In the entries below, repeat only the lines between those holding "The round design" and "A REPORTAGEM entrou", inclusive. Leave pictures out.

*DATA TO EXAMINE*:
___

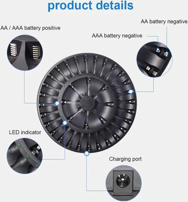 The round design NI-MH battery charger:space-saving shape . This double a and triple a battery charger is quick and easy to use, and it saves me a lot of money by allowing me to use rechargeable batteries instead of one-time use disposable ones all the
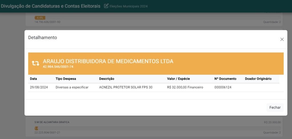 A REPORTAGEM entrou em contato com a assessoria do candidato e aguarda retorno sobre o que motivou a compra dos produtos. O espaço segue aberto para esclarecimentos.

___

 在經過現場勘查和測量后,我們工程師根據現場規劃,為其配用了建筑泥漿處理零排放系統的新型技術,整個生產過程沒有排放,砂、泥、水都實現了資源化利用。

___

*WRITTEN RESPONSE*:
 The round design NI-MH battery charger:space-saving shape . This double a and triple a battery charger is quick and easy to use, and it saves me a lot of money by allowing me to use rechargeable batteries instead of one-time use disposable ones all the
 A REPORTAGEM entrou em contato com a assessoria do candidato e aguarda retorno sobre o que motivou a compra dos produtos. O espaço segue aberto para esclarecimentos.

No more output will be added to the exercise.